Master Equation for a Savana Population I was reading the following post Master equation for reproduction and mutual annihilation process and I began to wonder - What If the population also suffers of lethal competition?
We would have the following process:
$$A + A \xrightarrow{\text{$\lambda$}} A$$
How would be transition rate in this case? Would be something like $\omega_{n, n-1} = \frac{\lambda}{2} \left( n(n-1) \right)?$
 A: I suppose that for an arbitrary process
$$mA \xrightarrow{\lambda} pA$$
we could write
$$
\omega_{n\rightarrow n -m+p}=\lambda {n\choose m}.$$
Obviously, this assumes that the individuals meet randomly and encounter any other with equal probability.
More detailed explanation
Suppose that we have events where $m$ individuals out of the population can meet and engage in a battle or an orgy, which transforms them into $p$ individuals (i.e., if some individuals are killed we have $p<m$, whereas if some are born, we have $p>m$). Such an event changes the number of individuals in the population from $n$ to $n-m+p$, so we are talking about transition $\omega_{n,n-m+p}$.

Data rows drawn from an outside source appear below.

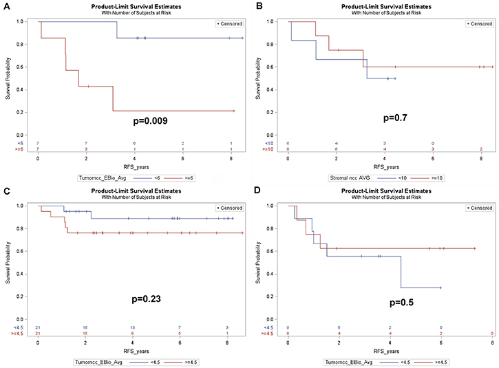 Figure 5: Kaplan-Meier plots showing (A) RFS for the 14 patients of cohort1, who received adjuvant treatment, dichotomized by the median cancer cell phospho-ERK score (6.0) (B) RFS for the 14 patients of cohort 1, dichotomized by the median stromal cell phospho-ERK score. (C) RFS for the 42 remaining patients of cohort 1, who did not receive adjuvant treatment (3 further patients of cohort1 lacked data regarding adjuvant treatment) dichotomized as in A. (D) RFS for the 17 patients of cohort 2, who fulfilled the criteria, but who did not receive, adjuvant treatment, dichotomized by the median cancer cell phospho-ERK score.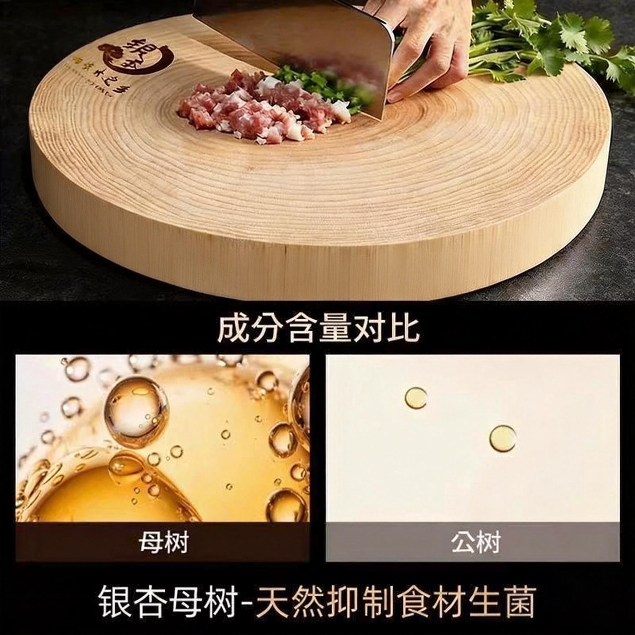 📚 正宗银杏木菜墩圆墩抗菌整木实木菜板无胶无漆百年厨房砧板家用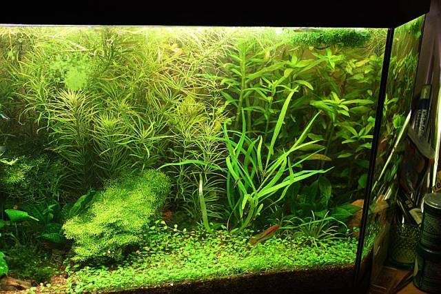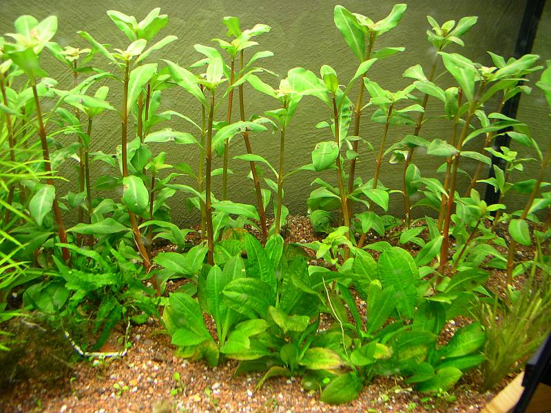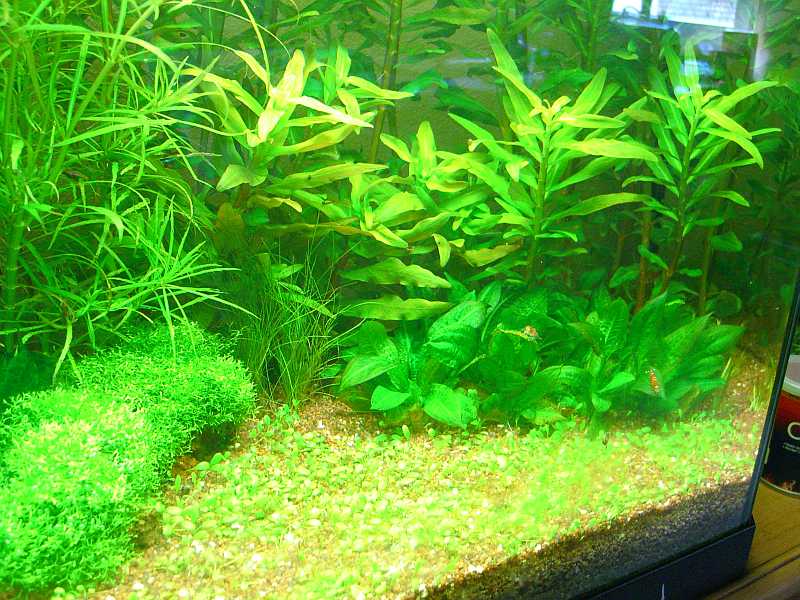 Das Becken war die ganze Zeit mit langsam wachsenden Farnen, Ingo du hast ja welche bekommen, sowie Javamoos und Anudien bepflanzt. Die andere Hälfte war hauptsächlich mit Echis zugestopft. Druch die ganzen Pflanzen war kaum noch ein Fisch oder eine Garnele zu sehen. Als ich dann Pflanzen für den Raum bestellt habe, dacht ich mir ich könne doch gleich Porto sparen und die geplanten Pflanzen für dieses Becken gleich mitbestellen. So hatte ich dann dieses Wochenende richtig was zu tun. :lol: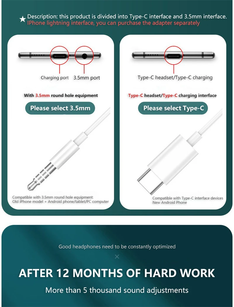 There are two types of earphones: 3.5mm round port and Type-C port,Please choose the appropriate interface according to your mobile phone earphone hole model.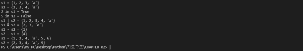 집합 자료형은 원소의 멤버십(in, not in)을 판단하거나 집합 연산으로 합집합(|), 교집합(&), 차집합(-)을 구하는데 유용하다.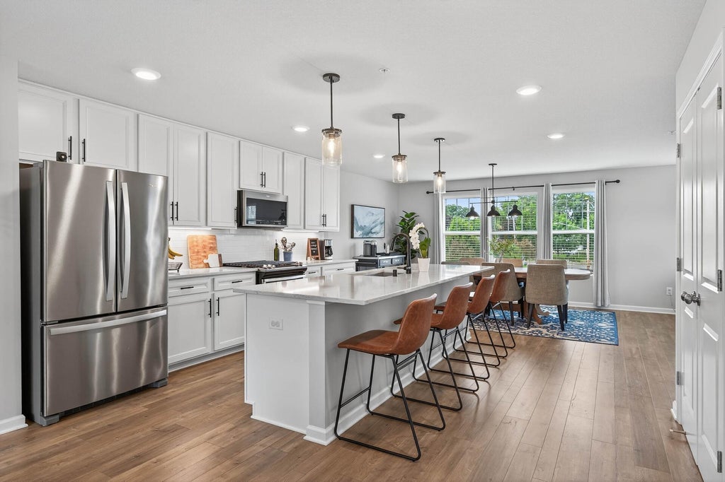 Welcome to this meticulously maintained end-unit townhome in the heart of the esteemed Mounds View School District. Built in 2021, this home features upgraded kitchen appliances, quartz countertops, soft close cabinets, in-home humidifier, 10 ft island, abundant natural light, elegant window treatments, upgraded light fixtures, and a custom built-in bedroom closet. The layout is ideal, with all 3 bedrooms on the same level and a lower level living room that could easily be converted to a fourth bedroom. The open-concept main level is centered around an expansive dining area which overlooks stunning views of the community’s professionally maintained shared areas. The front steps open up to abundant green space, walking paths and an impressive playground - perfect for families of all ages. You'll be just minutes away from Long Lake, Hansen Park, restaurants, coffee shops and community center. The location is unmatched with easy access to highways 694 and 35W offering a 20 minute commute to Minneapolis or St Paul. This charming, low maintenance home is a must see! Agent is related to the sellers.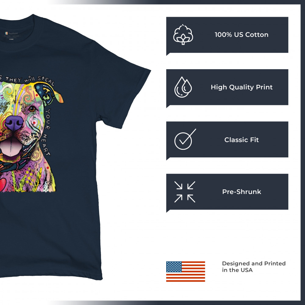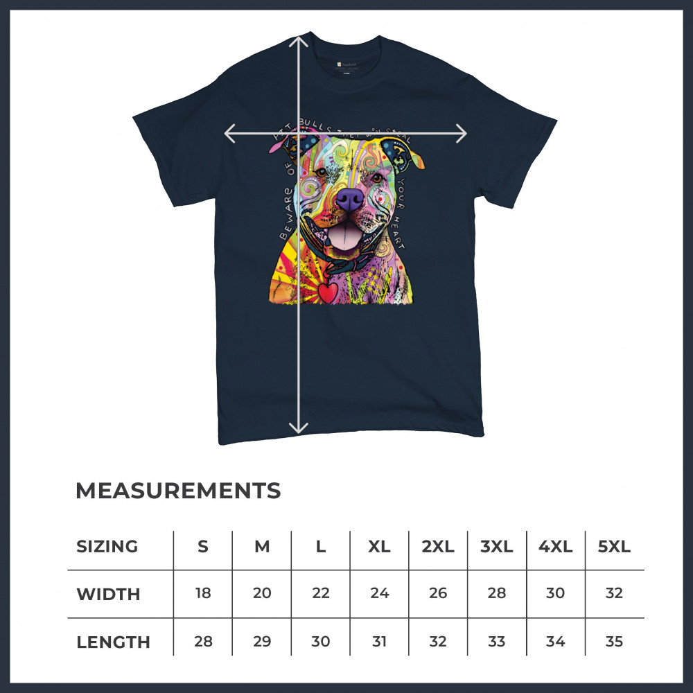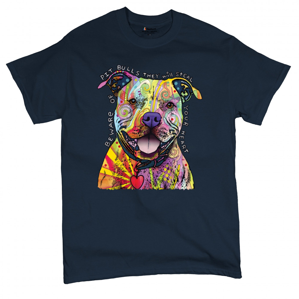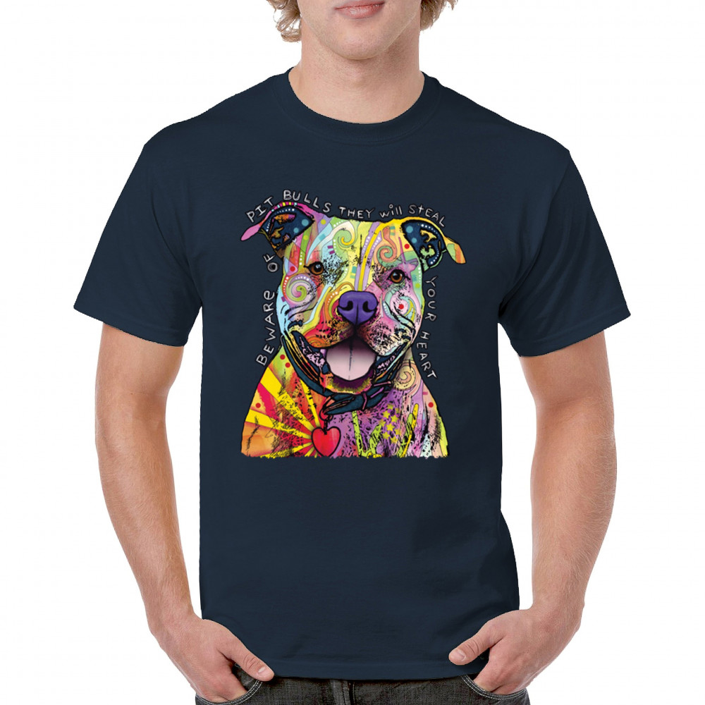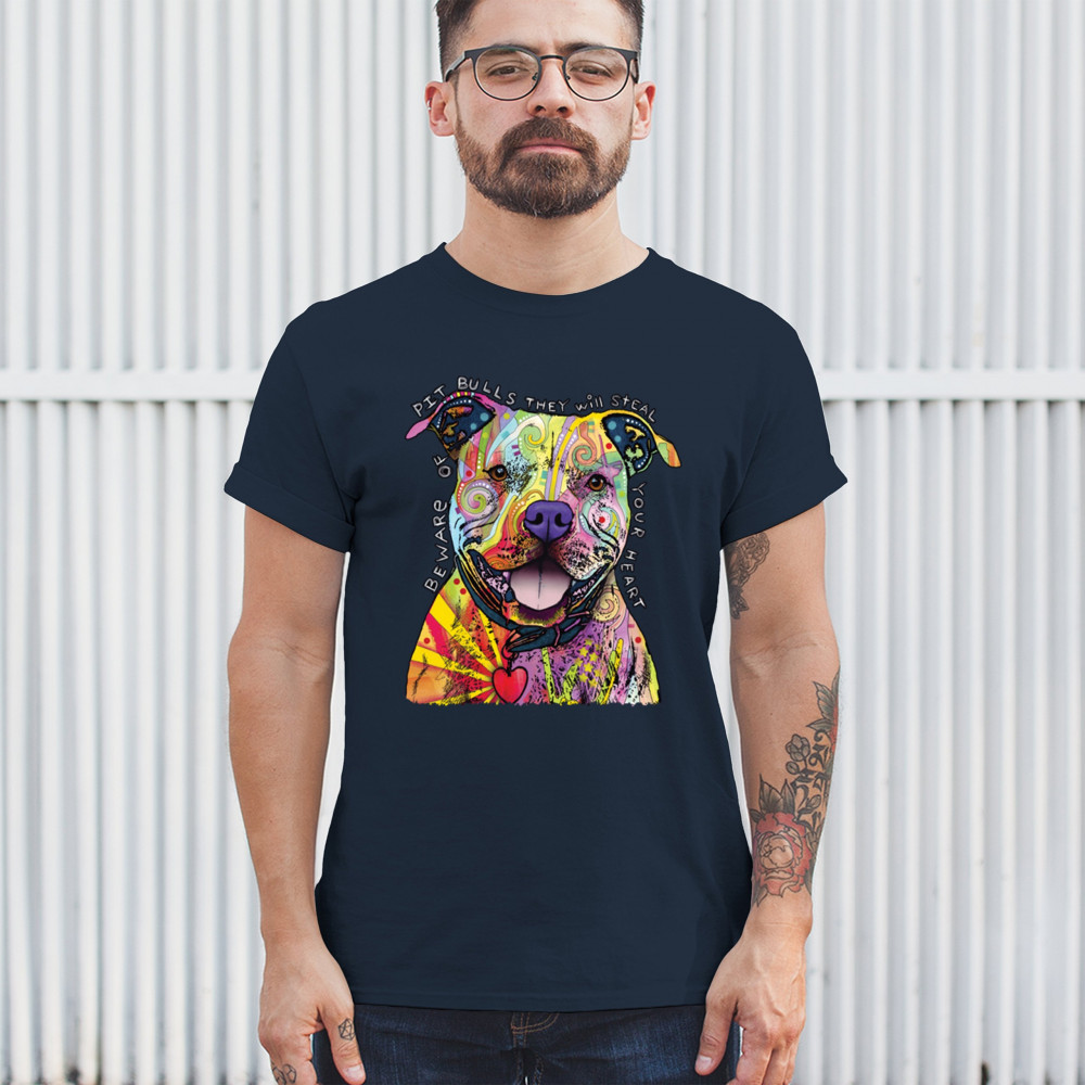 BEWARE OF PIT BULLS t-shirt dean russo art colorful cute dog men's tee navy blue

There are $n$ possibilities to choose one individual from the population, $n-1$ possibilities to choose the second, and so on till $n-m+1$ possibilities to choose the $m$-th. In the same time the order in which we select the individuals does not matter, so we need to divide it by the number of all possible orderings of $m$ individuals, i.e., $m!$. Thus, our rate is
$$
\omega_{n,n-m+p}\propto \frac{n(n-1)(n-2)...(n-m+1)}{m!}=\frac{n!}{m!(n-m)!}={n\choose m},$$
where I used the standard notation for a binomial coefficient.
Given that the rate of such events is given by $\lambda$, we have our final expression as
$$
\omega_{n, n -m+p}=\lambda {n\choose m}.$$
In particular, if we take the example from the OP, $$A+A\rightarrow A,$$ where two individuals are converted to one, we have $m=2$ and $p=1$, so that the rate according to the above formula is
$$
\omega_{n, n -1}=\lambda {n\choose 2}=\lambda\frac{n(n-1)}{2}.$$